Physics-informed machine learning for composition-process-property alloy design: shape memory alloy demonstration
This work addresses alloy design challenges for materials scientists by enabling machine learning to handle physical complexities that have long stymied physics-based models, though it is incremental as it builds on existing feature engineering approaches.
The authors tackled the problem of predicting composition-process-property relationships for shape memory alloys (SMAs) in a high-dimensional design space, achieving validated blind predictions for thermal hysteresis and transformation temperatures using physics-informed feature engineering.

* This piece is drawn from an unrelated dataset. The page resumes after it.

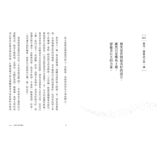 我曾讀過一本外國翻譯書《凝視優雅》,初版即榮獲「博客來二○一六年九月選書」,以氣質女星奧黛麗‧赫本(AudreyHepburn)黑白照片為封面,相當搶眼,書中的論述內容也令我難忘。其中有一段:「優雅,存在於溫暖包容的態度中,流轉於從容自在的肢體動作間,兩者經常並存。」多年以後,讀到《剛剛好的優雅》書稿,大為驚豔!林志玲正好是溫暖包容的態度(內在),與從容自在的肢體動作(外在)兩者並存的代言人。我讀過不少國內外藝人相關的書,也讀過以優雅為主題的著作,而由藝人親自論述的優雅主題書,這是第一本!

Machine learning (ML) is shown to predict new alloys and their performances in a high dimensional, multiple-target-property design space that considers chemistry, multi-step processing routes, and characterization methodology variations. A physics-informed featured engineering approach is shown to enable otherwise poorly performing ML models to perform well with the same data. Specifically, previously engineered elemental features based on alloy chemistries are combined with newly engineered heat treatment process features. The new features result from first transforming the heat treatment parameter data as it was previously recorded using nonlinear mathematical relationships known to describe the thermodynamics and kinetics of phase transformations in alloys. The ability of the ML model to be used for predictive design is validated using blind predictions. Composition - process - property relationships for thermal hysteresis of shape memory alloys (SMAs) with complex microstructures created via multiple melting-homogenization-solutionization-precipitation processing stage variations are captured, in addition to the mean transformation temperatures of the SMAs. The quantitative models of hysteresis exhibited by such highly processed alloys demonstrate the ability for ML models to design for physical complexities that have challenged physics-based modeling approaches for decades.